Indeed, despite greater female degree attainment, in nearly every measure of social power-including money and positions in industry and government-men still dominate. Women continue to require more education to achieve economic parity with their less-educated male peers. Consider Figure 3, which shows that women need at least one more degree than men do to make similar amounts of money. That men and women both know this and make their educational decisions accordingly should provoke little surprise.

Figure 3. Gender Gap in Median Earnings by Level of Education. See note at the end of this posting.

Whatever the statistic brought to bear, one must remember that differences between the sexes are usually quite small. In the student-engagement scores from the NSSE, for example, most male and female averages are separated by hundredths of a point differences, nowhere near even the standard deviations within each sex's scores. In other words, you're more likely to find broader differences between any two college men than between a man and a woman.

Where Are the Guys?

Many of men's problems in colleges and universities are, of course, not simply a higher education concern. What are the larger social dynamics that are driving the results for males? Where are the men who are not coming to college? Knowing this can help admissions and student life officers decide how to direct their efforts and what is outside their control.

First, there is a pipeline problem. Boys have difficulties in elementary and secondary school that continue as they move into postsecondary education. For instance, boys have significantly lower literacy scores than girls, indicating weaknesses in crucial skills for getting through high school and succeeding in college. And boys are less likely than girls to participate in non-athletic extracurricular activities, the very ones that appeal to college admissions officers.

But most important, fewer males than females are taking and passing college preparatory courses, and fewer are actually graduating from high school. All told, many boys in school-and frequently their teachers and parents-are not making college success a priority. Colleges and universities have to work with the schools to improve boys' skills and motivation if they want to have a larger supply of high-quality male applicants.

Part of the difficulty in preparing males for college is that there is pervasive culture of anti-intellectualism for males. The "mook" image of males who are crude, rude, childish risk-takers has become ubiquitous in reality television, television commercials, sitcoms, music, and on the Web.

Selling this kind of masculinity to boys does not instill attitudes conducive to preparing for or succeeding in college. And in trying to market themselves to young men, many colleges and universities have contributed to the problem, and in the process done themselves few favors, by presenting the college experience, especially in commercials aired during televised sports, as cheering at athletic events and chatting on the quad with attractive coeds.

Another common argument has been that difficulties for men in higher education are a reflection of the increasing feminization of colleges and universities as more women become professors and administrators.
The thinking is that female ways of knowing and acting are increasingly required to be successful, so men who cannot or will not act and think in those ways simply don't come to college, don't do well when they do, and/or leave college because of it.

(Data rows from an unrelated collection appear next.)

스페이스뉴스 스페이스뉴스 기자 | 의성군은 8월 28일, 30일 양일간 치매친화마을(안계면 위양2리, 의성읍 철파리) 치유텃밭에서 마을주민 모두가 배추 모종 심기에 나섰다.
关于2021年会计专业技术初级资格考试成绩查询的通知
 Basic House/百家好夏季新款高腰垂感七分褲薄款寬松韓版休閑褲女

Much evidence, however, contradicts such assertions, including the fact that most faculty and administrators continue to be male, and, according to Sax, men's GPAs, mathematical confidence, leadership skills, emotional well-being, and orientation to science all improve-more than women's, even-with an increase in the proportion of women faculty. Thus, one key to better achievement for men might be more women in positions of influence, not fewer.

Another reason for males' relative lack of interest in college may be that they have more avenues than women for transitioning to adulthood without going through postsecondary education. The military, for one, remains a major option for males. The Army alone recruits roughly 64,000 more college-age high school graduate men than women per year into active duty. The other three military branches are disproportionately male as well. Some men come to college after their service, of course, but many do not.

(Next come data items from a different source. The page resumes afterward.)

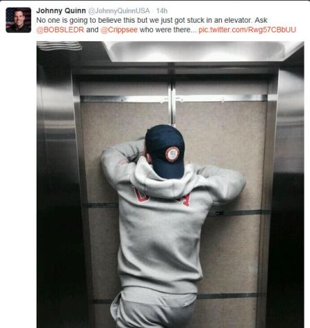 前幾日約翰尼-奎因剛剛被困浴室後“逃生”,可是禍不單行,沒過幾天這位美國帥哥又被困在了故障電梯中,他在自己的推特上也無奈的調侃道。“肯定沒人會相信,我現在又被困在電梯裡了。”而網友則在其推特幸災樂禍的回復“我想看看你這次怎麼破門而出。”上次奎因破門而出時是填充了紙漿的強化門,這次想從電梯裡壹躍而出,只能祈禱超人或是鋼鐵俠附體了。
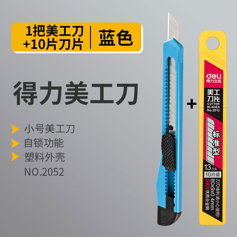 得力2052小號美工刀9mm(藍)
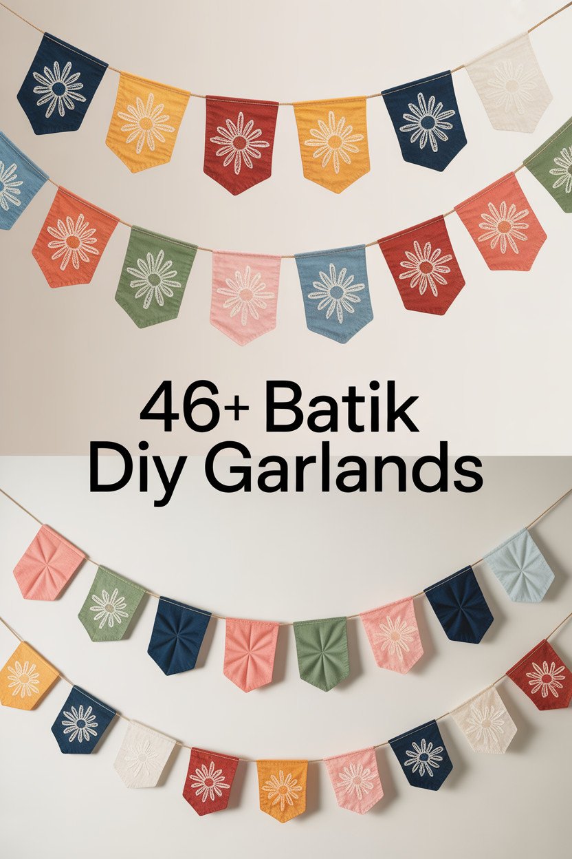 47 Batik DIY Garlands bring a vibrant touch to your home decor, inviting you to add a personal flair to your space with colorful designs that are easy and fun to create.
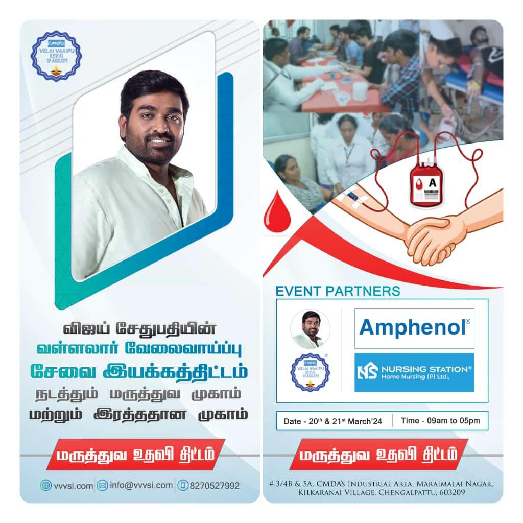விஜய்சேதுபதியின் மருத்துவ உதவி திட்டத்தின் கீழ் விஜய்சேதுபதியின் வள்ளலார் வேலை வாய்ப்பு சேவை இயக்கம், NURSING STATION HOME NURSING PRIVATE LIMITED மற்றும் AMPHENOL OMNICONNECT INDIA PVT LTD இணைந்து 20-மார்ச் மற்றும் 21- மார்ச் ஆகிய இரண்டு நாட்கள் மருத்துவ முகாம் மற்றும் இரத்ததான முகாம் செங்கல்பட்டு மாவட்டம், மறைமலை நகர்பகுதியில் நடைபெற்றது.

Joining the workforce also remains a viable option for males. Manufacturing, manual labor, and service jobs still tempt a large proportion of high school boys to forego college or even school. The pay differential for males and females in such jobs (see Figure 3 again) might help explain why these are less attractive to females.

Also, prison is a competing "option" for many men in this age group. In 2008, there were, according to the U.S. Department of Justice, 231,600 men between the ages of 18 and 24 in prison. Only 12,600 women 18 to 24 years old were incarcerated that year, a difference of 219,000 potential college students.

Given these social and cultural conditions, colleges and universities clearly have a compelling interest in making college a more viable and attractive option to a broad range of men and in focusing on the social dynamics that remove men from their enrollment pools.

PLEASE NOTE: The remainder of this article as well as all figures and references is available free of charge courtesy of Change at:

Saturday, May 01, 2010

State of the Art in Public Finance

This document has been prepared in conjunction with the 2008 launch
of the SEFI Public Finance Alliance (or “SEF Alliance”). The purpose of
the report is: 1) to consolidate relevant information about the initiative
– its structure, activities, prospective members, and the contribution it
can make to the development of global sustainable energy markets; and
2) to demonstrate - via concrete examples of innovative actions – some
of the synergies among the relevant programmes of prospective member
agencies around the world, as well as the potential net benefits that
these agencies can receive from participation.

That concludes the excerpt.